Testing the UI as a service

I’m going to touch on a few things we are doing around the UI testing of our websites, tracking features, perceptual difference testing, continuous delivery…. brace yourselves.

Traditional UI Testing

We wanted to get away from the traditional method of executing our automated UI tests against a complete application stack, avoiding some of the well known complexities this approach introduces:

Managing test data

Getting tests to setup data sets as they execute or seeding persistence stores with test data and re baselining.

Managing test environments

Complete application stack needs to be available at the correct versions.

Test instability and execution speed

As interactions are made with other applications, over protocols like http, this introduces more potential points of failure, as well as adding latency to the test execution.

What did we want from UI Testing

While discussing how to avoid the above complexities, a few other critical requirements were also identified:

Tests had to map to feature requirements
Tests had to execute in parallel
Tests had to be deterministic and consistent
All tests (100’s, potentially 1000’s) had to execute as part of a continuous delivery pipeline
Any changes in the presentation of GUI should be captured

So, here is where we currently are in our attempts to achieve this:

Stubbing the GUI’s backend

We wanted to treat the UI just like any other service, and use stubs to exercise the functionality of the service.

Our webapps are written using Angular and we found a good tool for stubbing called Angular Multimocks, that allowed us to stub the responses from the backend.

This means the application behaves in a consistent manner and responds as quick as possible.

Interacting with the GUI

Like a lot of other people we use Selenium and we host a grid in AWS with various nodes for the core OS and browser combinations we need to support.

We also have a grid hosted on-site with various mobile and iOS devices attached, for testing the UI on physical devices that we cannot host in AWS.

Mapping tests to features

Again we went with a popular tool, Cucumber.

Here we map the scenarios identified in the feature files to the scenarios in Angular Multimocks, meaning each test scenario maps to a set of predetermined backend responses.

This also forced us to get more intimate with our Product Owner, ensuring both parties are involved in the creation of scenarios to ease the automation of them.

The features are stored alongside the application code in source control.

We had to do some work to get the scenarios executing in parallel, rather than the existing plugins that support parallelism across features.

Capturing presentation changes

Using an api we knocked up to write/retrieve images to/from S3, we upload various screenshots captured during the UI test execution, which we are then able to compare to a set of ‘master’ screenshots.

The actual comparisons are performed using an adapted version of a perceptual diff tool.

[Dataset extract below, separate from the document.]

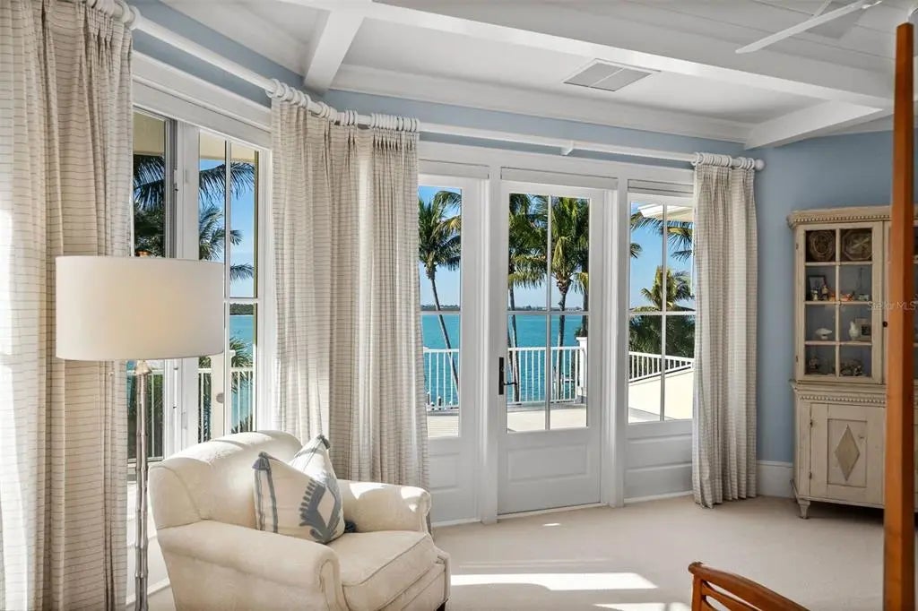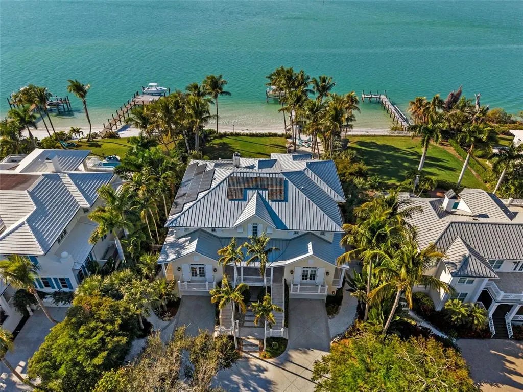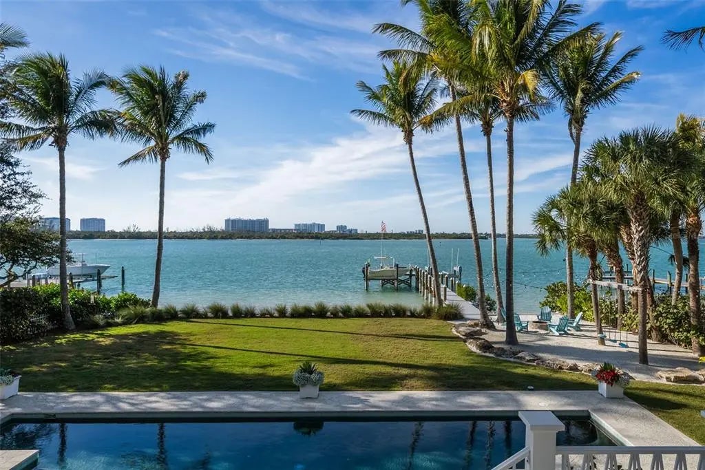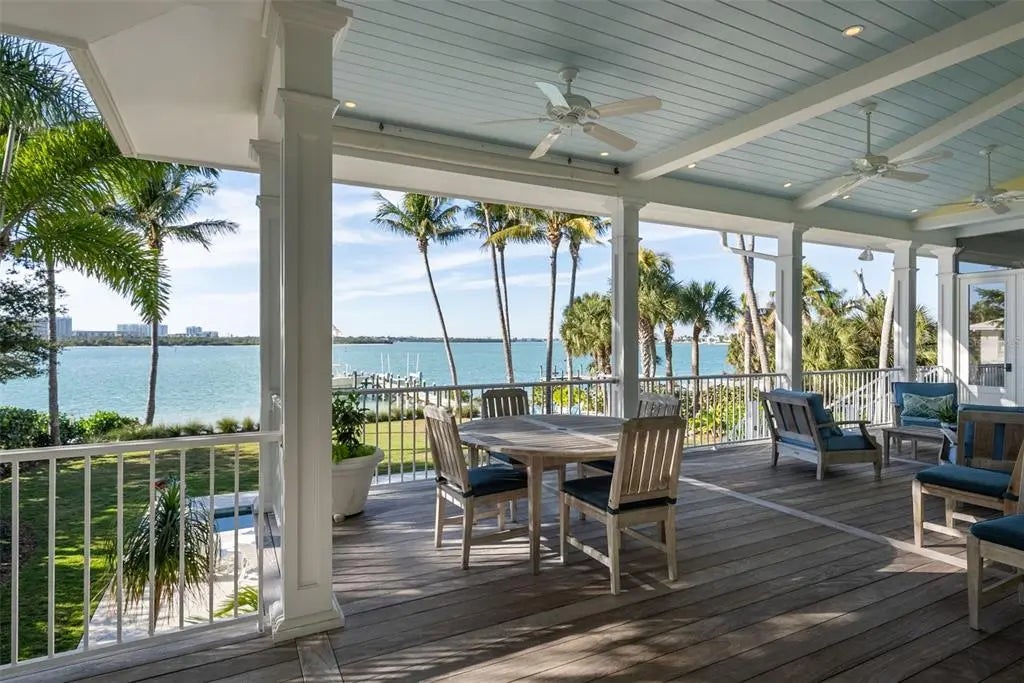 Discover a rare opportunity to enjoy pristine Gulf views, aquamarine waters, and a deep-water dock on the very North end of Siesta Key, just minutes to downtown Sarasota. One of Siesta Key’s most stunning and secluded waterfront sites — a residence offering a rare combination of historic significance, panoramic views of Big Pass, and exceptional structural integrity. Located approximately 200 feet south of civic leader Henry Higel’s early 20th-century Higelhurst Hotel, the pioneering developer’s beloved coastal breezes still beckon family and friends to enjoy swimming, water sports, boating, fishing, shoreline picnics, and direct, no-bridge access to the sparkling Gulf. Multiple covered porches and expansive windows provide front-row views of vivid sunsets and frolicking dolphins. Named for its pineapple stair finials symbolizing welcome, the Pineapple House was built in 2008 with an engineer-homeowner’s meticulous eye for detail. Constructed on pilings and grade beams, the home is set on a 31,293-square-foot lot and encompasses 6,596 square feet under air, with more than 13,000 total square feet. Designed by Diane Weinman with a refined Boca Grande aesthetic and built by ML Collingwood, the dwelling projects enduring quality, thoughtful engineering, and elevated coastal living. Enter through the impressive double doors to a sensual treat of symmetry and light. Main-level windows crowned with transoms frame views of the tropical blue sky. Walnut engineered flooring, Jerusalem stone, eight-foot doors, custom millwork, and generous closets enhance both functionality and beauty throughout. Scaled to feel both warm and elegant, the interiors are enriched with refined finishes and thoughtful architectural detailing. Living spaces encompass a formal dining room with butler’s pantry, living room, bookcase-lined library or sitting room, private office with built-in desk and cabinetry, dedicated home gym, and a flexible gathering room. A second primary or guest suite on the main level offers a private sitting area, breakfast bar, screened porch, and picture-perfect water views. An elevator conveniently serves all three floors. The chef’s kitchen anchors the main living areas with honed granite countertops, Sub-Zero appliances, custom Campbell cabinetry, and a walk-in pantry, opening to casual dining spaces and sun-filled outdoor porches. Upstairs, the primary suite is a tranquil retreat featuring a spa-inspired bath, oversized walk-in closet, shaded terrace, and outdoor shower. The expansive dock features two boat lifts: one 22,000-pound lift suitable for a 32- to 36-foot vessel and a second 10,000-pound lift. A humidity-controlled four-car tandem garage and a separate two-car garage accommodate up to six vehicles along with extensive marine and recreational gear. Solar panels and a 30kW generator underscore the home’s focus on energy efficiency and resilience. Outdoor living is highlighted by a 20,000-gallon heated saltwater lap pool surrounded by Shellcrete patios and Ipe decking. A perched beach with fire pit and swings welcomes gatherings overlooking Big Pass, while a 75-foot rear setback ensures privacy within a lushly landscaped yard. Rich in history, resilient and luxurious, intimate and refined, this is Sarasota waterfront living at its most authentic and coveted.
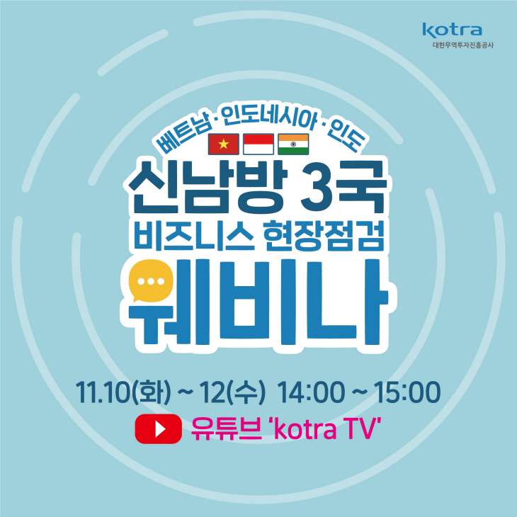 신남방 3국 비즈니스 현장점검 웹세미나는 베트남, 인도네시아, 인도 순으로 사흘간 진행되며 유튜브채널 ‘KOTRA TV’에서 시청할 수 있다.

This means we are able to automatically compare screenshots taken during the UI testing of a PR (we use github), against the master version of the screenshots and write any difference into the PR for review, which looks something like this:

Screenshot difference in a Pull Request

The above screenshot difference was an unexpected CSS change, in a shared library, making some text bold. This, although probably not that important, shows how powerful this is at capturing stuff a human would most likely miss.

And the result

Using the above we execute the UI tests in a couple of pipelines:

Pull Request Pipeline

For each PR created in gituhb, the UI test execution fits into the pipeline as follows:

Application build, unit test, integration test, coverage, etc
PR updated with result
Stubbed version of application deployed to S3
UI tests executed in parallel on selenium grid against application hosted in S3
PR updated with result
The screenshots generated during execution of UI tests are compared against master screenshots
PR updated with any screenshots differences
Team informed of new PR to review

Master Commit Pipeline

For each commit to master in gituhb, the UI test execution fits into the pipeline as follows:

Application build, unit test, integration test, coverage, etc
-
-
Stubbed version of application deployed to S3
UI tests executed in parallel on selenium grid against application hosted in S3
Dashboard updated with result
Master screenshots updated
-
-
Pre-production End 2 End Testing
-
-
Production

Conclusions

Lessons

A few things that have tripped us up along the way:

Animations make this sort of testing unreliable, so the service UI tests are executed with the animations within the app disabled.
For the perceptual difference testing you need the images to be captured by the same OS and browser versions, otherwise slight differences result in false negatives.

The good

We have created a platform for executing UI tests in a fast repeatable manner, within a continuous delivery pipeline.

The feedback loop for UI failures, functional or presentation is reduced. The results are readily available in PRs and on our dashboards.

Test features are determined with the business and the tests are understandable by anybody.

The not so sure

Obviously many features require the combination of services, meaning the features are split between components, tracking this is difficult.

Where does traditional end 2 end testing sit, is there any need for it, a smoke test, we are still working this out. At the moment we are still executing a small number of test, exercising some critical customer journeys.

Stuff still to do

Master screenshots should not really be updated automatically by the commit pipeline, we should have some promotion process.

Follow up

Some of the implementations of the above may be worth posts in their own right, let us know if there is any interest and we can do some follow up posts.